» **EXERCISE PROMPT**: Please transcribe only the lines that run from the line bearing "Yuki, for Rembrandt, 70s" to the end of the entries, keeping both end lines. Skip the pictures.

[Data excerpts]
+++++

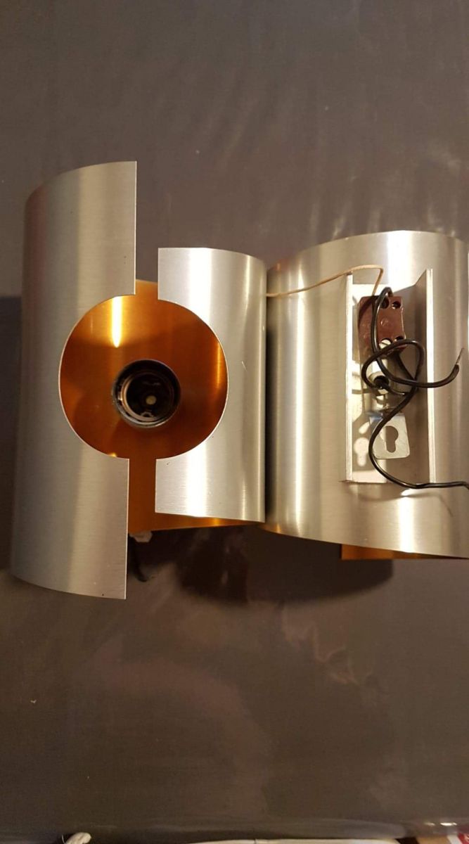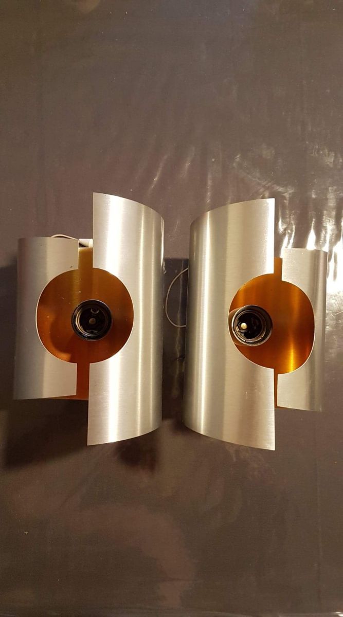 paire d'appliques vintage métal brossé et intérieur orange
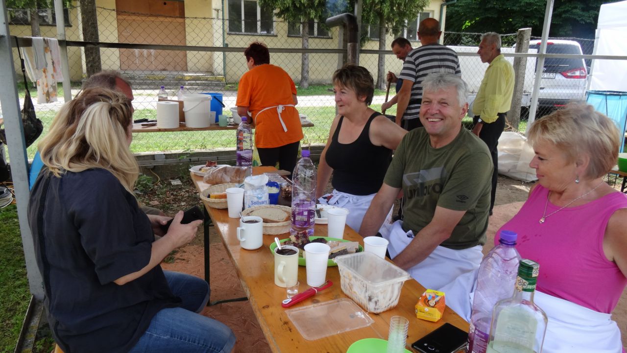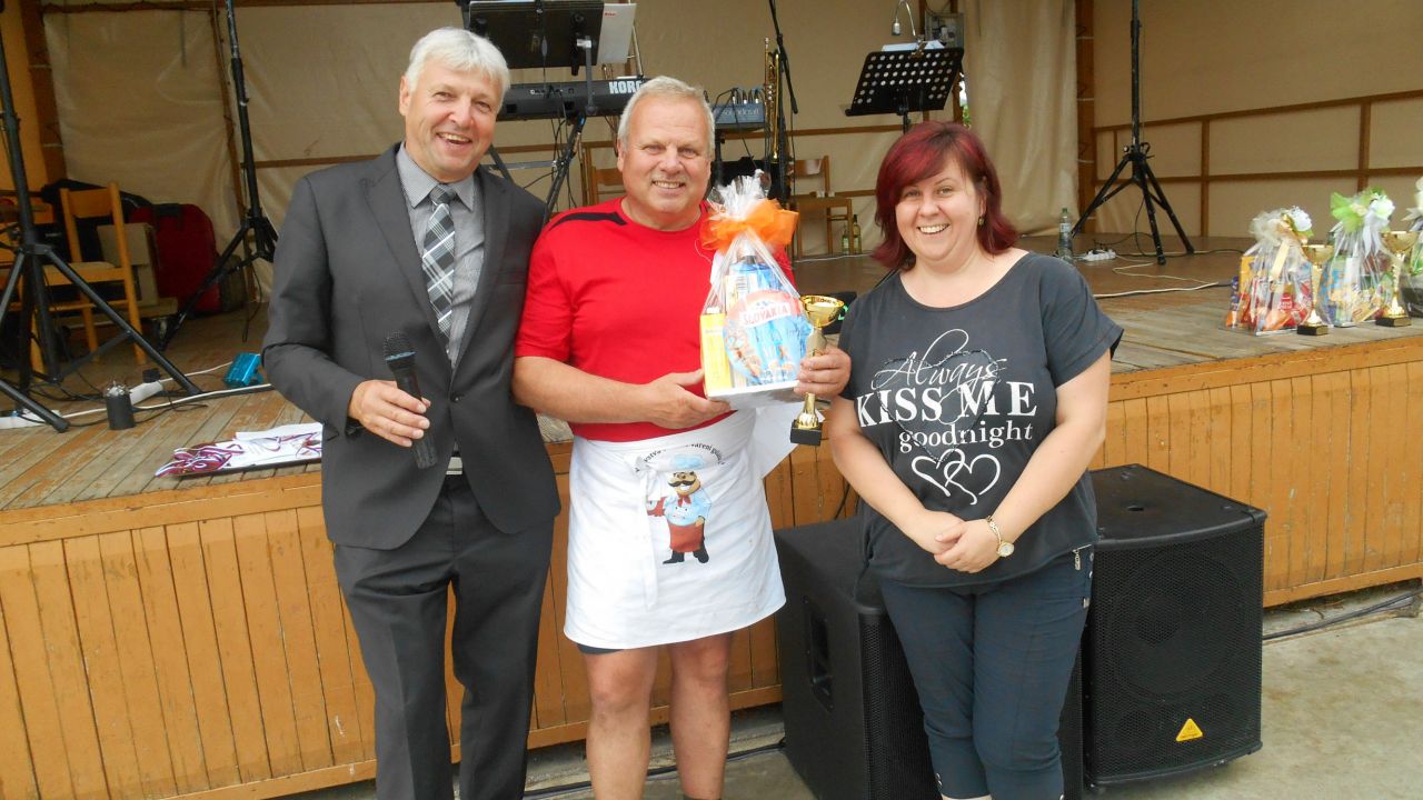 Toto všetko sledovali popoludní rodičia s deťmi, ktoré sa prišli vyšantiť na skákacom hrade, povoziť na koňoch a vylietať do sýtosti na ihrisku. Niet divu, že po 16. hodine deťúrence dokázali sedieť ako päť peňazí a baviť sa na programe, ktorý pre nich predvádzal šašo Ľuboš. To už sa areál zapĺňal všetkými vekovými kategóriami, pretože sa blížila hodina, kedy museli byť guláše dovarené a pripravené k odberu vzorky na hodnotenie. Kým ostatní si náhodným výberom vybrali guláš, na ktorom si pochutnávali, 6 členovia poroty sa zhostili zodpovednej úlohy a postupne ochutnali a ohodnotili všetkých 12 gulášov. Našťastie ma všetci poslúchli a prišli hladní, takže im ani posledný guláš nešiel hore krkom a v plnej sústredenosti pridelili body za celkový vzhľad, chuť, vôňu a farbu. Už len záverečné spočítanie bodov a bolo rozhodnuté. Víťazom sa suverénne stalo družstvo Rutex, ktorého guláš dostal maximálny počet bodov od všetkých porotcov. Na druhom mieste sa umiestnil Kaštieľ, tretie miesto obsadilo Poľovnícke združenie Žľab a štvrté miesto patrilo Spolku turistov a milovníkov prírody. Návštevníci si pochvaľovali aj guláše ostatných družstiev (Obec Drietoma, AS Team Adamovské Kochanovce, Slovenský červený kríž, Jednota dôchodcov, Veselý vidiek + Hokejisti, Osada Brúsne, STK Euro, COOP Jednota) a aj im patrí vďaka za vytvorenie dobrej atmosféry, ktorá panovala na ihrisku po celý deň. Vďaka patrí aj Milanovi Bátovskému a Ľubošovi Surovskému, ktorí sa postarali o hudobný podmaz až do začiatku zábavy. No a zábava pod taktovkou hudobnej skupiny Tex-Band Ľuboša Opatovského bola perfektným ukončením tohto podujatia. Ich „hudobný recept“ striedania ľudového kola s moderným na nás všetkých zaberal a tak bol tanečný parket plný až do konca zábavy.
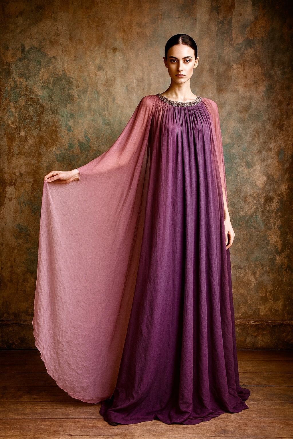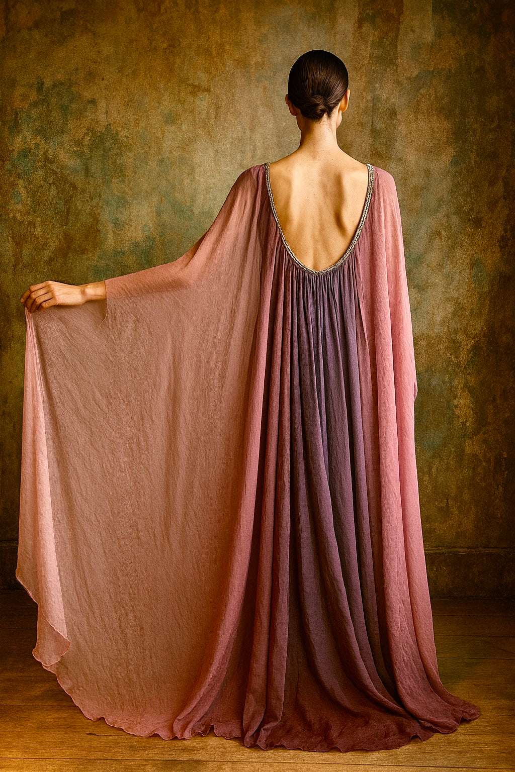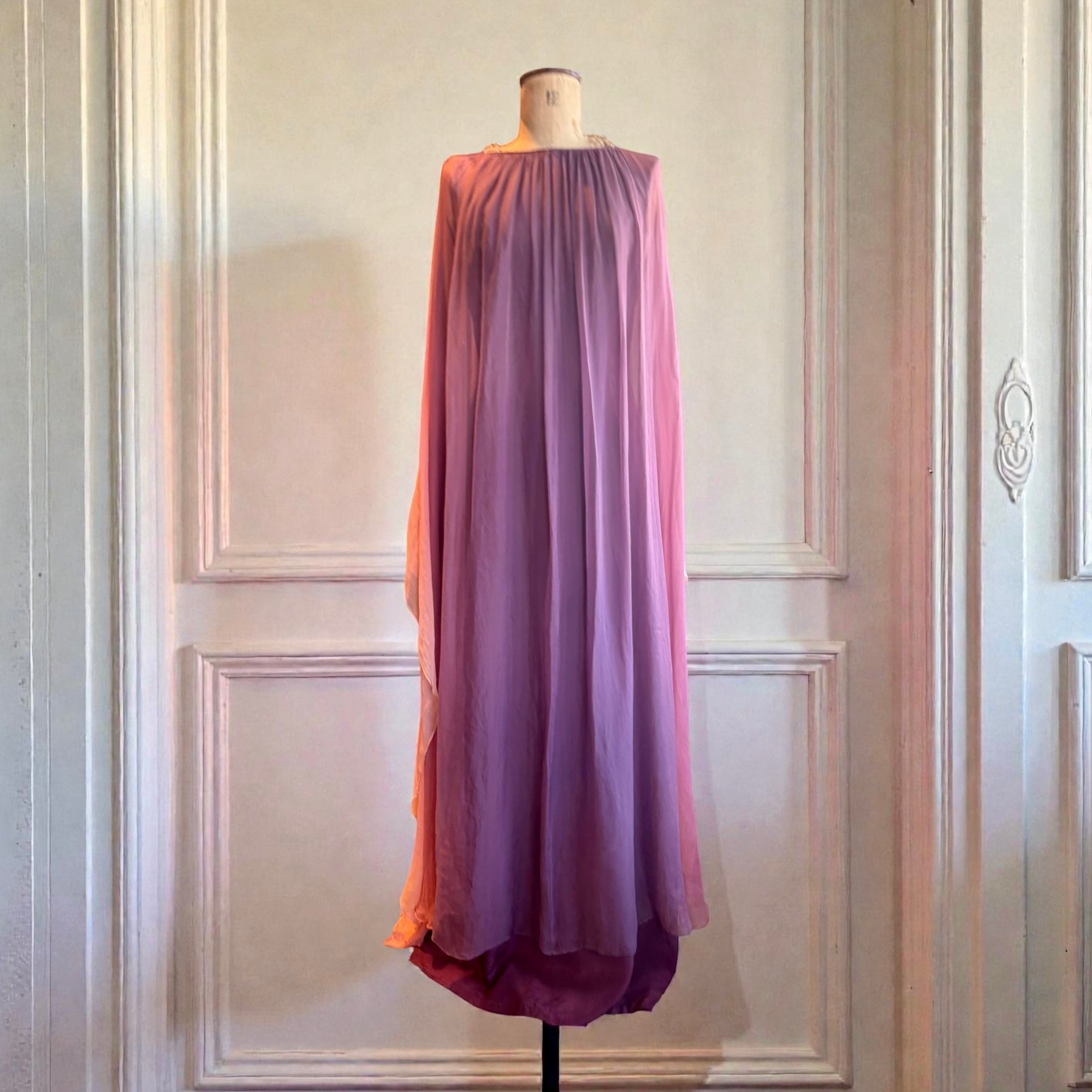 Yuki, for Rembrandt, 70s chiffon ombré antique pink dress
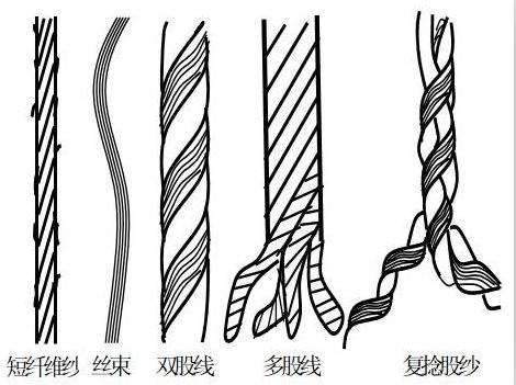 短纖紗線:對短纖紗施加一定外力,短纖從卷曲被拉直,取消外力,其可恢復(fù)彈性;而在短纖被拉直后繼續(xù)對其加力,則短纖之間會滑移或滑脫,這時取消外力就會產(chǎn)生不可恢復(fù)變形。
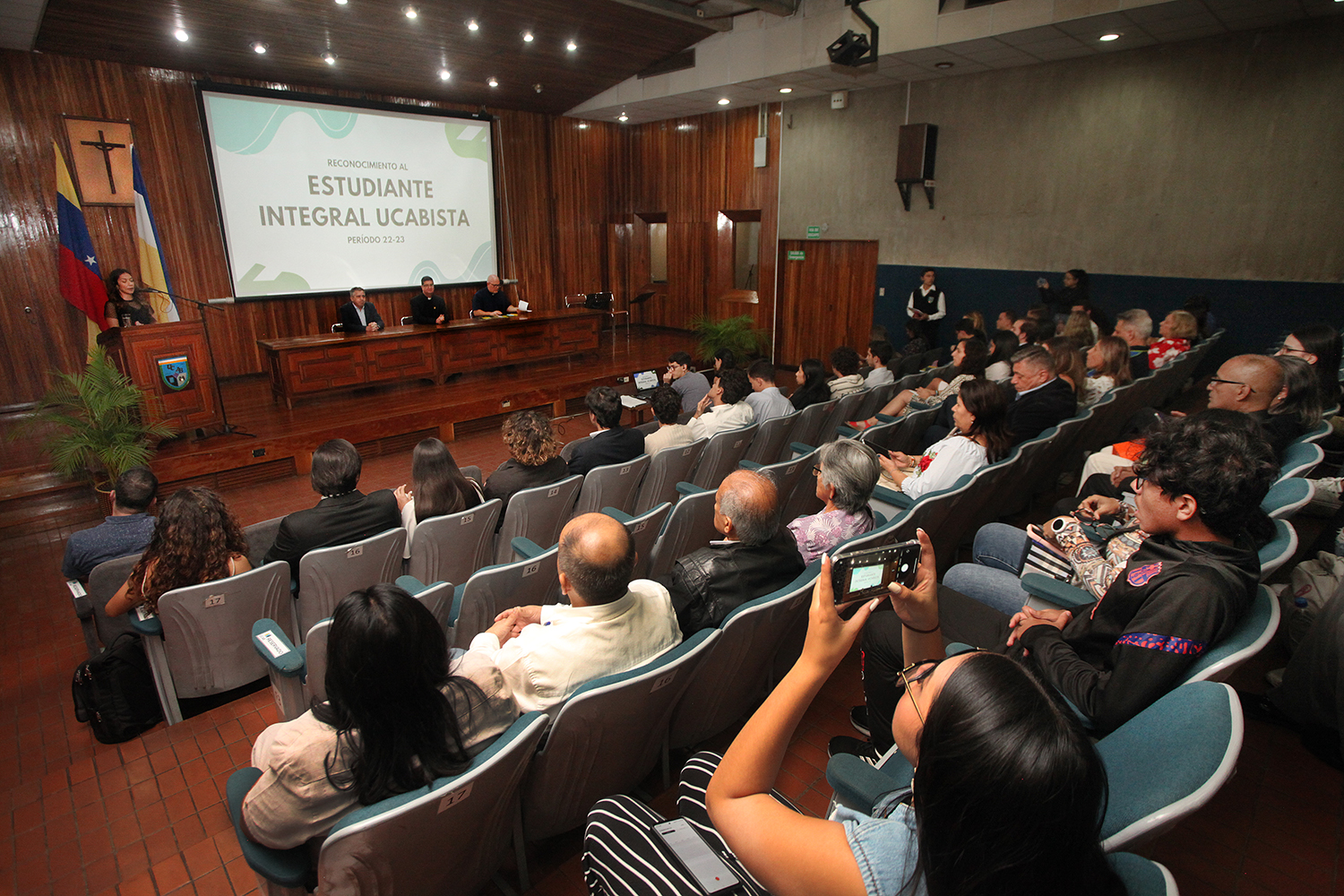 El pasado jueves 6 de julio, autoridades de la Universidad Católica Andrés Bello (UCAB) hicieron entrega del reconocimiento “Estudiante Integral Ucabista”, correspondiente al período académico 2022-2023, en el auditorio Padre Gustavo Sucre del campus Montalbán de la institución. Este galardón se otorga de manera anual a los alumnos que se destacan por su participación en actividades extracurriculares y mantienen un alto compromiso social.

+++++

» **RESULT BELOW**:
 Yuki, for Rembrandt, 70s chiffon ombré antique pink dress
 短纖紗線:對短纖紗施加一定外力,短纖從卷曲被拉直,取消外力,其可恢復(fù)彈性;而在短纖被拉直后繼續(xù)對其加力,則短纖之間會滑移或滑脫,這時取消外力就會產(chǎn)生不可恢復(fù)變形。
 El pasado jueves 6 de julio, autoridades de la Universidad Católica Andrés Bello (UCAB) hicieron entrega del reconocimiento “Estudiante Integral Ucabista”, correspondiente al período académico 2022-2023, en el auditorio Padre Gustavo Sucre del campus Montalbán de la institución. Este galardón se otorga de manera anual a los alumnos que se destacan por su participación en actividades extracurriculares y mantienen un alto compromiso social.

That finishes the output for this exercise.